[Working data Boundary: Start]

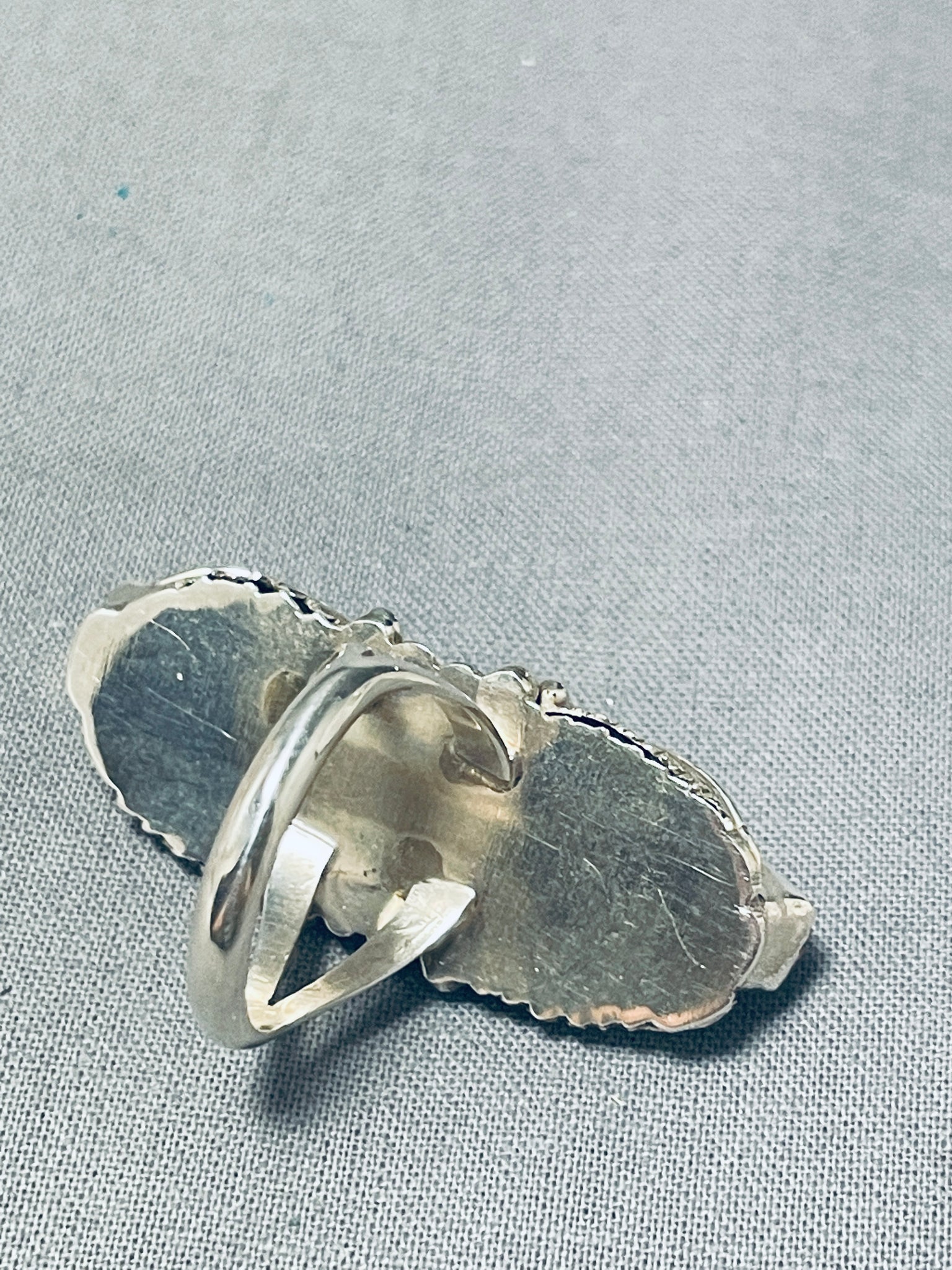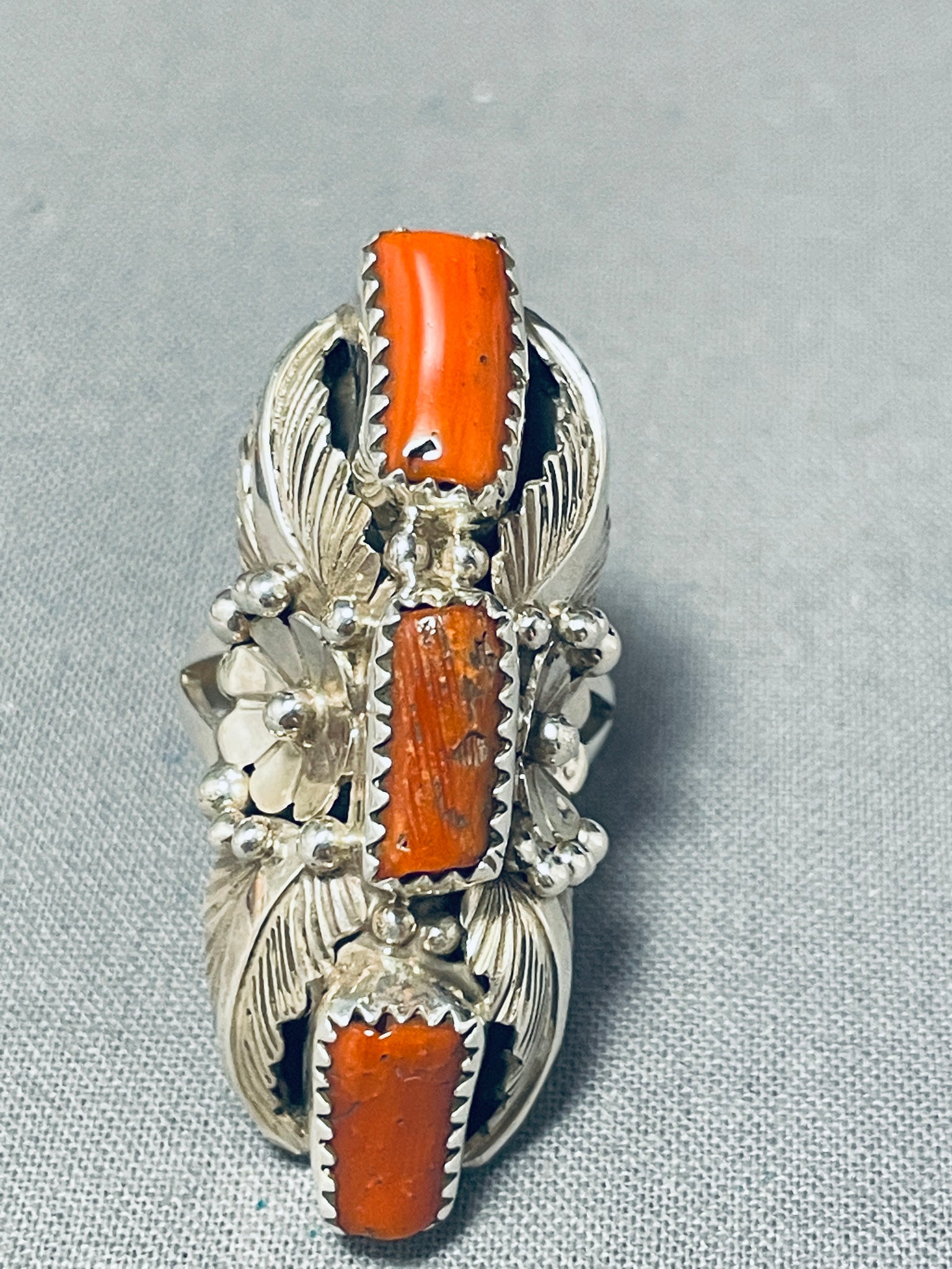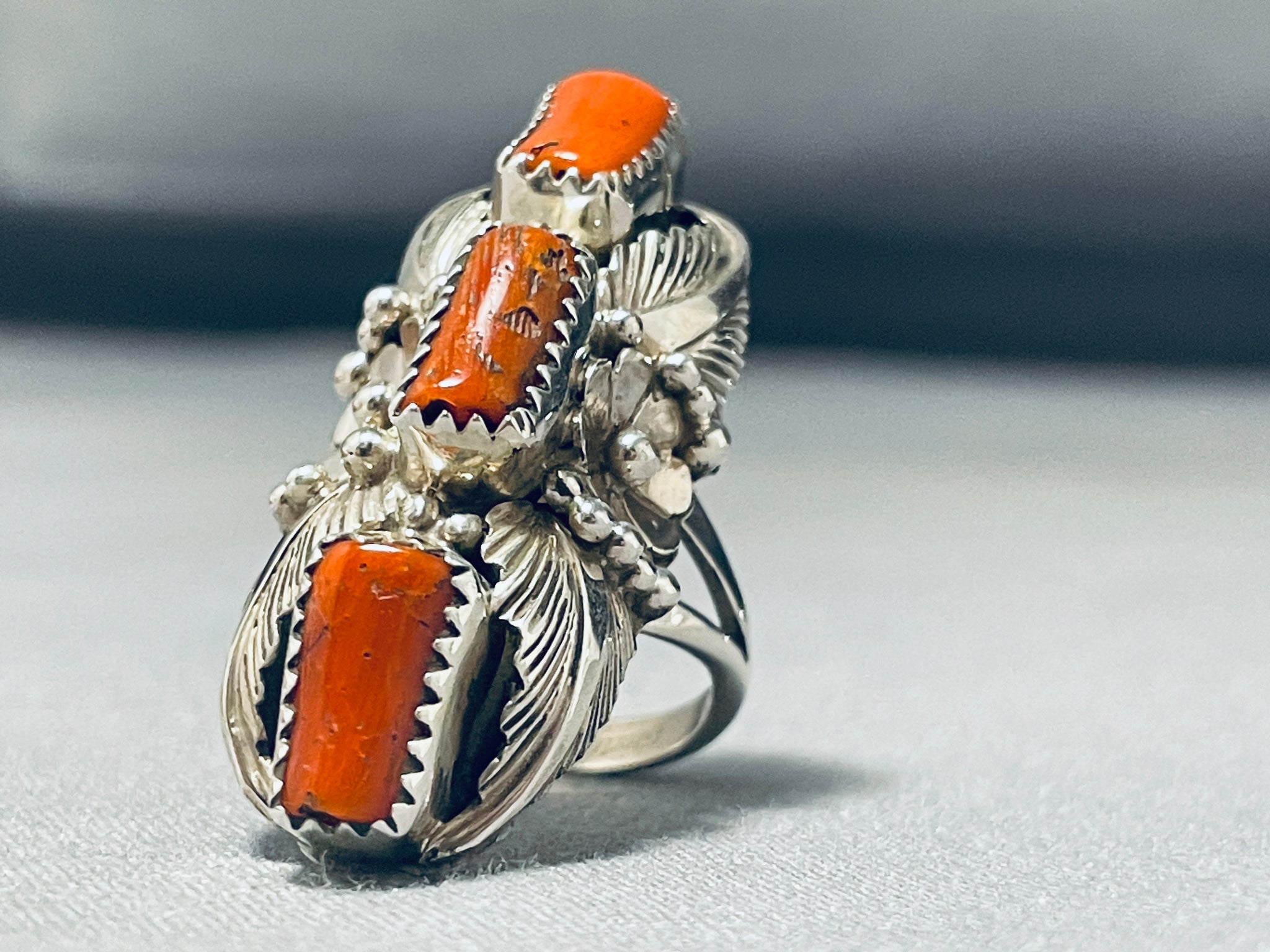 Towering Native American Navajo Coral Sterling Silver Leaf Ring
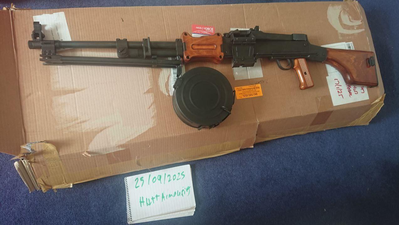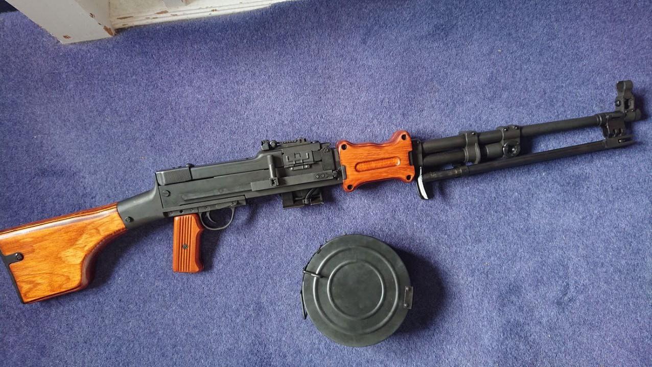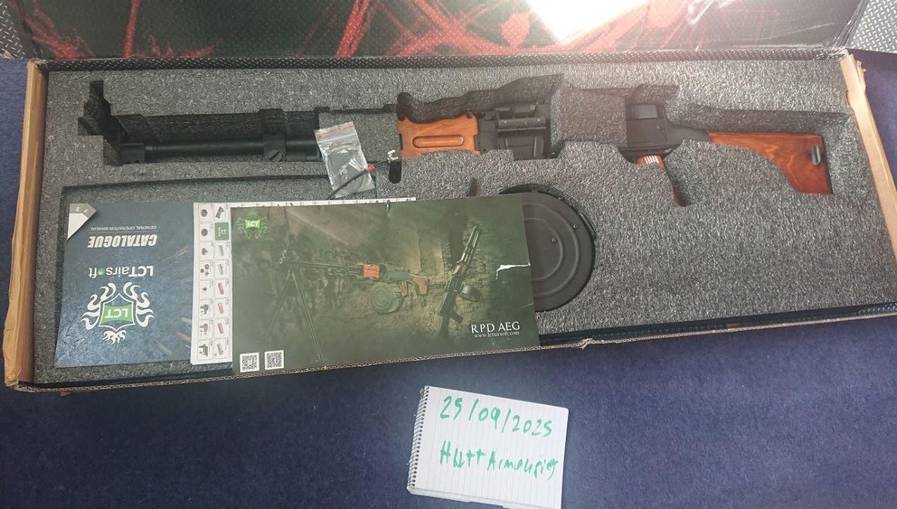 An as far as I can tell as new lct rpd machine gun. The box has been turned inside out for shipping at some point and taken some damage but the gun itself is in perfect nick. I have test fired it and tested the function of the drum mag and its all working as it should. Comes with the original paperwork, keychain thing and a spare set of trigger contacts as well as the gun and drum. Unfortunately my chrono kicked the bucket so I dont have a way to measure the power but by eye it seems fine. Will consider reasonable offers.
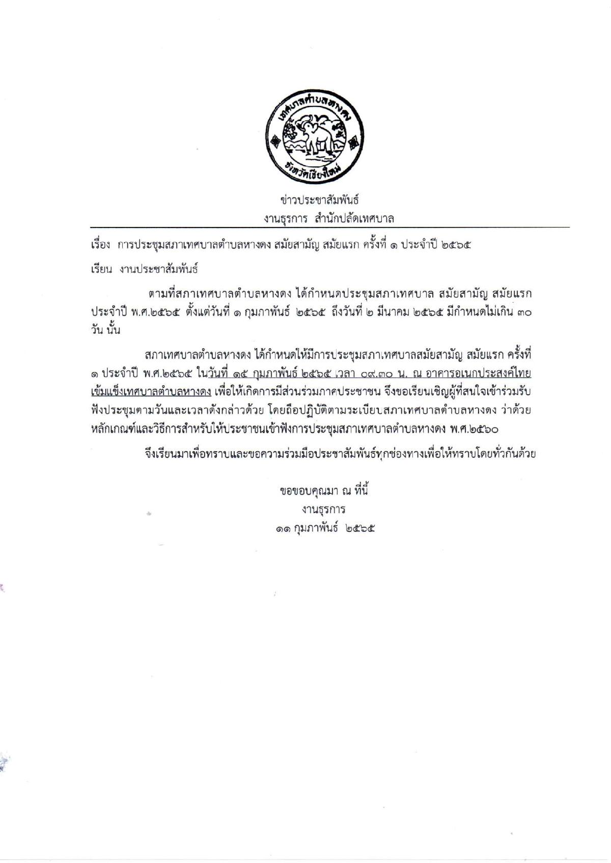 ประกาศประชาสัมพันธ์เชิญเข้าร่วมการประชุมสภาเทศบาลตำบลหางดง สมัยสามัญ สมัยแรก ครั้งที่ 1 ประจำปี 2565
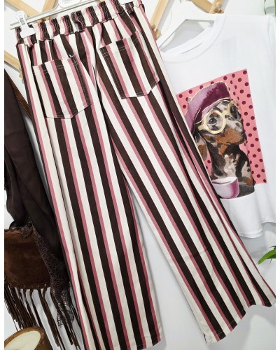 Pantalones con tejido vaquero suave. Estampado de rayas verticales en tonos marrón chocolate, crudo y rosa. Con botón y cremallera para su cierre y trasera elástica que se ajusta a varias medidas. Bolsillos delanteros y traseros. Corte recto anchito.
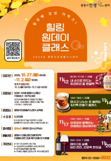 [뉴스스텝] 광명시 인생플러스센터가 오는 11월 12일부터 20일까지 신중년의 정서적 힐링과 문화 감수성 향상을 위한 ‘일상에 감성 더하기! : 힐링 원데이 클래스’를 운영한다.
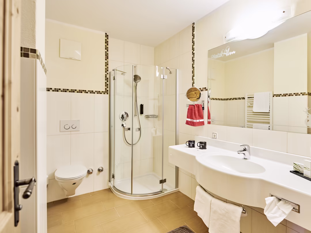 Dusche, teilweise separates WC, Balkon, Haarföhn, TV, Telefon, Safe, DVD-bzw. CD-Playeranschluss, W-LAN, Balkon, flauschige Handtücher, Badeschuhe und kuschelige Bademäntel.
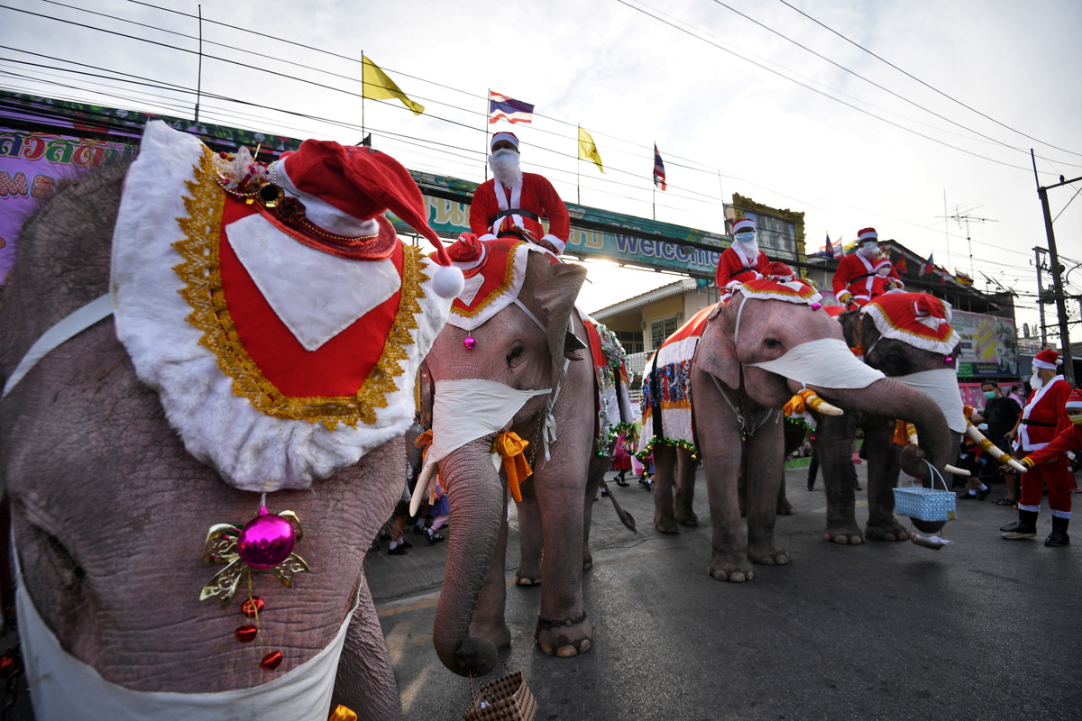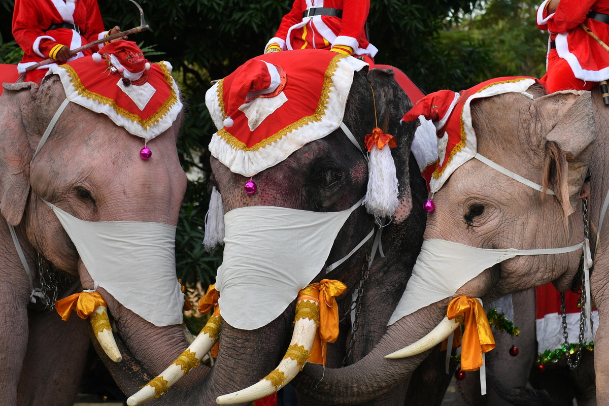 White-bearded handlers in floppy hats and Santa outfits sat atop elephants decked out in tinsel and trunk masks in the central province of Ayutthaya, distributing protective masks in baskets to schoolchildren, motorcyclists and drivers passing by.
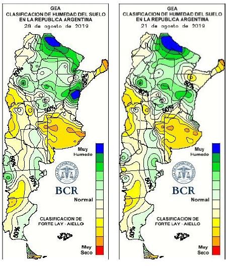 Las lluvias del trimestre frío se despiden mal del oeste, en los últimos 29 días de agosto no hubo registro de lluvias en Córdoba. Por eso no llama la atención que en toda la región centro, dónde más se acentúa la falta de agua es allí. En este momento, en el sur de la provincia deberían llover 80 a 100 mm para recomponer por completo la falta de agua. Pero hace un año, hacían falta 120 a 140 mm que ponían en dudas las posibilidades de hacer el maíz temprano sin reservas. La distribución era muy diferente entonces, la mayor necesidad estaba en el centro y norte provincial. Pero en la comparación, el trimestre frío del año pasado fue incluso más miserable en lluvias, sólo el 37% de la provincia alcanzó lluvias de 15 mm o más. En este 2019, el 64% de la provincia alcanzó a igualar o superar ese monto.
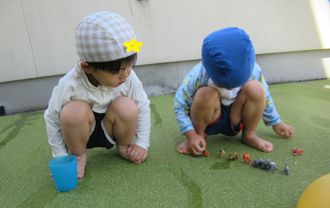 恐竜のおもちゃを集めてお友だちとキレイに並べてお話をしていましたよ

[Working data Boundary: End]

From the opening line of the entries above to the line containing "White-bearded handlers in", please transcribe each line exactly, skipping every picture.

■ **Written solution**:
 Towering Native American Navajo Coral Sterling Silver Leaf Ring
 An as far as I can tell as new lct rpd machine gun. The box has been turned inside out for shipping at some point and taken some damage but the gun itself is in perfect nick. I have test fired it and tested the function of the drum mag and its all working as it should. Comes with the original paperwork, keychain thing and a spare set of trigger contacts as well as the gun and drum. Unfortunately my chrono kicked the bucket so I dont have a way to measure the power but by eye it seems fine. Will consider reasonable offers.
 ประกาศประชาสัมพันธ์เชิญเข้าร่วมการประชุมสภาเทศบาลตำบลหางดง สมัยสามัญ สมัยแรก ครั้งที่ 1 ประจำปี 2565
 Pantalones con tejido vaquero suave. Estampado de rayas verticales en tonos marrón chocolate, crudo y rosa. Con botón y cremallera para su cierre y trasera elástica que se ajusta a varias medidas. Bolsillos delanteros y traseros. Corte recto anchito.
 [뉴스스텝] 광명시 인생플러스센터가 오는 11월 12일부터 20일까지 신중년의 정서적 힐링과 문화 감수성 향상을 위한 ‘일상에 감성 더하기! : 힐링 원데이 클래스’를 운영한다.
 Dusche, teilweise separates WC, Balkon, Haarföhn, TV, Telefon, Safe, DVD-bzw. CD-Playeranschluss, W-LAN, Balkon, flauschige Handtücher, Badeschuhe und kuschelige Bademäntel.
 White-bearded handlers in floppy hats and Santa outfits sat atop elephants decked out in tinsel and trunk masks in the central province of Ayutthaya, distributing protective masks in baskets to schoolchildren, motorcyclists and drivers passing by.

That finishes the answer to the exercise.